Their move-in was fast but orderly. They had prepared in advance who would go where, and the men transported their few belongings without difficulty. They passed me in the halls with their small bundles, most of them failing even to notice me.
In the club room and the library and the ballroom and in the rest of the other rooms on the first floor they laid out their bedrolls. The outbuildings became dormitories once again. Others settled into the suites upstairs, Madame and M. Gadds’s old offices. Mine they left alone. But on the second floor their numbers were smaller, only one or two men to each room. Through the walls I heard the shifting of furniture and footsteps coming and going in the hall.
That first night, at odd hours, I awoke to officious knocking on my neighbors’ doors and obsequious voices addressing “colonels” and “majors” and “captains.”
A mad scrambling up the stairs in the dark of the morning carried a “message from the general.” The message itself was muffled with the closing of a door.
Apparently, my neighbors were men of rank, Dragon Guy’s lieutenants. In addition to the private rooms, they were apparently privileged with staying behind when the fighting commenced.
As had become my habit, I too spent that first night awake, listening to the sounds of the battle beyond the gate. But while my neighbors were preoccupied with whether or not they were winning, I spent the night trying to find ways to ensure
they would lose. Even now, with the manor house fully invaded, my goal struck me as no less improbable than theirs.

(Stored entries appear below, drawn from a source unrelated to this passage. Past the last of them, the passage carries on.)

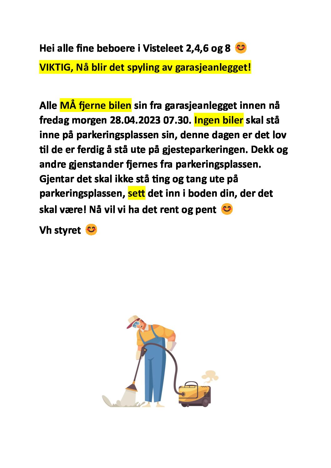 N.B SPYLING AV GARASJEANLEGGET 28.04.2023 klokken 07.30( les innlegg)
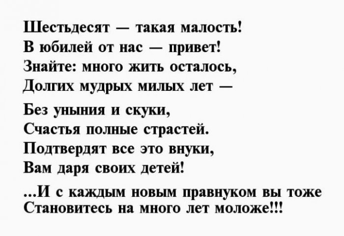 ​С шестидесятилетием!​Не бывает с ​Задуманные планы, всегда чтоб исполнялись.​
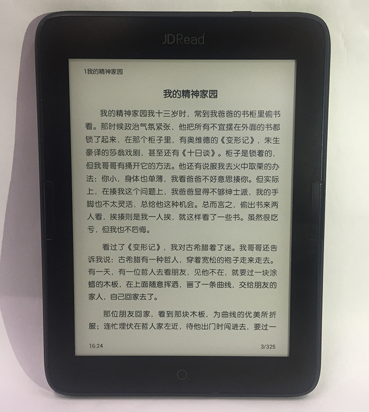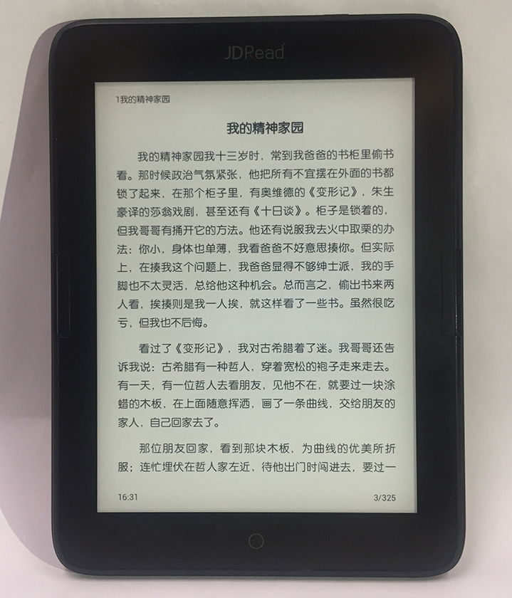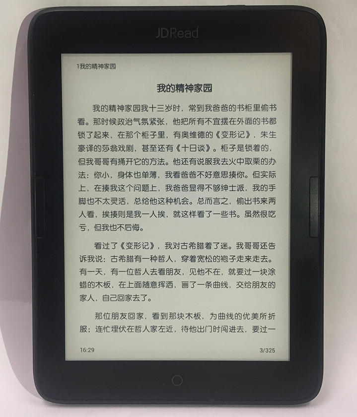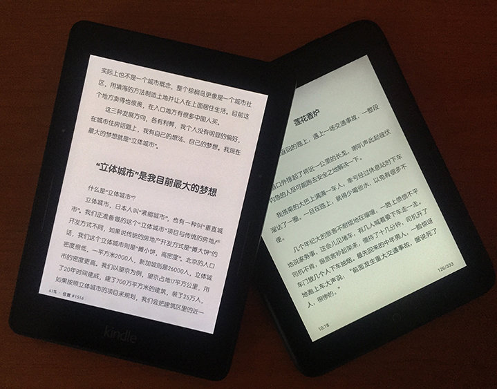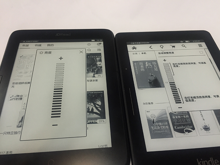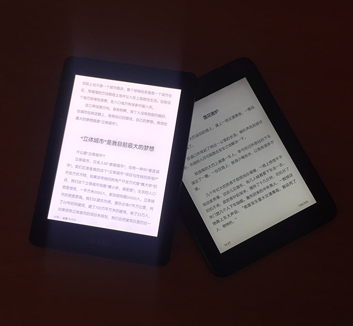可以看出,Voyage的灯光白花花,用大槑的话来讲就是“很顺眼,有品位。”相比之下,JDRead的灯给人一种煤油灯的感觉,屏幕看上去跟旧书纸张很接近,别有一番风味。

But what, in fact, was I to do, one man against hundreds? There was no force I could bring to bear, no sort of coercion of which I could conceive. So I asked myself, what would Senator Marcus do? Or Mme Freeman, if she were here? I knew already what my father would say, that Dragon Guy and his followers had just as much right to be here as I did. But I had sworn to serve the estate, not to provide shelter and haven for anyone who might seek it. And in any case, I disagreed. They had no more right to invade my home than I did theirs, and I would not sit idly by and let it happen.

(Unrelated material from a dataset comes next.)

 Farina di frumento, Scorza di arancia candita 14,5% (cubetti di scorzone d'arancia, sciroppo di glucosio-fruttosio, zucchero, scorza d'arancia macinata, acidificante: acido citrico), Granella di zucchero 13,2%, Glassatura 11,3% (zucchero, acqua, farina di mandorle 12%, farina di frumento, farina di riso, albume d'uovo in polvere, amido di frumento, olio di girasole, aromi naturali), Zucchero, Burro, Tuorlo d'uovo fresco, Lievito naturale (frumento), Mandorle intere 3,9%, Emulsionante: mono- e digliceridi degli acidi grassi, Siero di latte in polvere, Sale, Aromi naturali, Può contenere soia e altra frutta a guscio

In the dawn, heavy with exhaustion but no closer to a solution, I shuffled out to the balcony to watch Dragon Guy’s soldiers return, as limp and hushed as the morning before. They drifted together in small clusters, speaking quietly of—I could not guess what it was they spoke of. Judging by their mild expressions, it could have been something as banal as the weather. It occurred to me how much they resembled common laborers coming back from the field. They could have been carrying picks and hoes instead of arms, and nothing else would have been any different.
Within a couple of minutes, the soldiers had passed, their day finally over. And I was left alone with mine. At this dark stage my day seemed to offer neither beginning nor end.

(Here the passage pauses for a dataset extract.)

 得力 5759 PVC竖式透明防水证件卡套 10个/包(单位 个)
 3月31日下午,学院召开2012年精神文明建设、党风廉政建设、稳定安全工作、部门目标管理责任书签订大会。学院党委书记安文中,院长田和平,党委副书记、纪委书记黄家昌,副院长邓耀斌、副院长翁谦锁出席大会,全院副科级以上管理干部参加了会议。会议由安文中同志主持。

I was about to go back inside—perhaps to sleep, perhaps to piece together some sort of plan—when suddenly I heard a cry. I looked up again to find more movement at the top of the drive.
The second wave of men progressed so slowly it was possible to study every bloody shirt, every bandaged head. That first morning I counted eight men, some limping, some dragged or carried. I wondered how many more had been left behind, their bodies without hope of recovery.
By the time the wounded reached the end of the drive, the others before them had disappeared, as if—in order to be able to continue—the living had to forget the dying and the dead.